● BRIEF
Please keep the images out and set down the data exactly as given.

● INFORMATION PROVIDED
Content starts
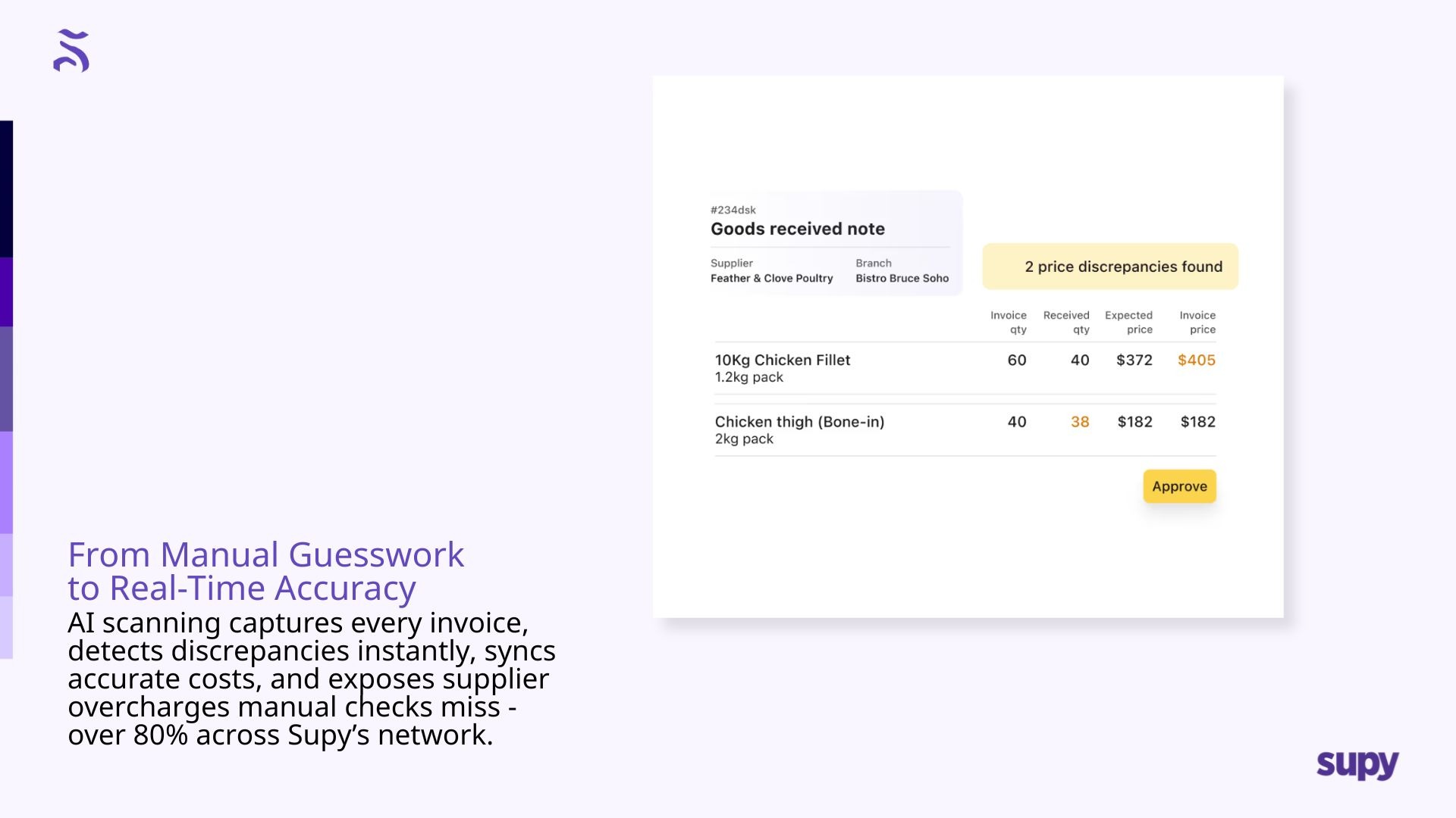 Most teams never notice - because who manually checks hundreds of line items across multiple suppliers for every delivery? Even a small 1- 3% variance can massively distort your COGS at scale, quietly eroding profitability week after week.
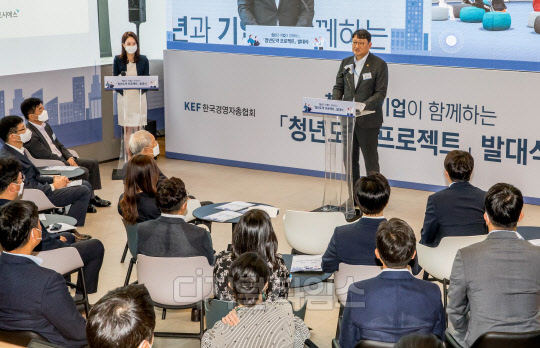 권기섭 고용노동부 차관이 20일 서울 성동구 KT&G 상상플래닛에서 열린 청년과 기업이 함께하는 '청년도약 프로젝트' 발대식에서 인사말을 하고 있다.
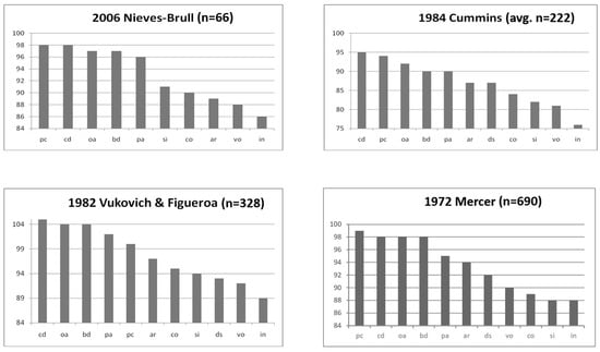 What Valdés and Figueroa (1994) alluded to in terms of “unusual subtest profiles” is made much clearer if one arranges the mean values in order of magnitude. Figure 3 shows this pattern based on four typical studies that include Mercer (1972), Vukovich and Figueroa (1982), Cummins (1984), and Nieves-Brull (2006).
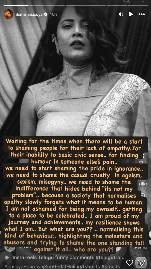 “ఇతరుల బాధలో ఆనందం వెతికే మీలాంటి వారిని చూసి సమాజం సిగ్గుపడాలి. వయసును బట్టి మహిళలపై వివక్ష చూపడం అసలు ఆమోదయోగ్యం కాదు. నేను సాధించిన విజయాలు, నా ప్రయాణం నాకు గర్వకారణం. నన్ను విమర్శించడానికి మీరెవరు?” అంటూ అనసూయ నిప్పులు చెరిగింది. గతంలో హీరో శివాజీ చేసిన కామెంట్స్‌పై కూడా అనసూయ ఇలాగే రియాక్ట్ అయ్యి పెద్ద కాంట్రవర్సీ క్రియేట్ చేసింది. అప్పట్లో ఆమె కావాలనే టార్గెట్ చేసిందని విమర్శలు వచ్చినా, ఇప్పుడు మళ్ళీ అదే రేంజ్‌లో విరుచుకుపడటంతో “అనసూయ ఈజ్ బ్యాక్” అని అంతా చర్చించుకుంటున్నారు.
Content ends
● TASK RESULT
 Most teams never notice - because who manually checks hundreds of line items across multiple suppliers for every delivery? Even a small 1- 3% variance can massively distort your COGS at scale, quietly eroding profitability week after week.
 권기섭 고용노동부 차관이 20일 서울 성동구 KT&G 상상플래닛에서 열린 청년과 기업이 함께하는 '청년도약 프로젝트' 발대식에서 인사말을 하고 있다.
 What Valdés and Figueroa (1994) alluded to in terms of “unusual subtest profiles” is made much clearer if one arranges the mean values in order of magnitude. Figure 3 shows this pattern based on four typical studies that include Mercer (1972), Vukovich and Figueroa (1982), Cummins (1984), and Nieves-Brull (2006).
 “ఇతరుల బాధలో ఆనందం వెతికే మీలాంటి వారిని చూసి సమాజం సిగ్గుపడాలి. వయసును బట్టి మహిళలపై వివక్ష చూపడం అసలు ఆమోదయోగ్యం కాదు. నేను సాధించిన విజయాలు, నా ప్రయాణం నాకు గర్వకారణం. నన్ను విమర్శించడానికి మీరెవరు?” అంటూ అనసూయ నిప్పులు చెరిగింది. గతంలో హీరో శివాజీ చేసిన కామెంట్స్‌పై కూడా అనసూయ ఇలాగే రియాక్ట్ అయ్యి పెద్ద కాంట్రవర్సీ క్రియేట్ చేసింది. అప్పట్లో ఆమె కావాలనే టార్గెట్ చేసిందని విమర్శలు వచ్చినా, ఇప్పుడు మళ్ళీ అదే రేంజ్‌లో విరుచుకుపడటంతో “అనసూయ ఈజ్ బ్యాక్” అని అంతా చర్చించుకుంటున్నారు.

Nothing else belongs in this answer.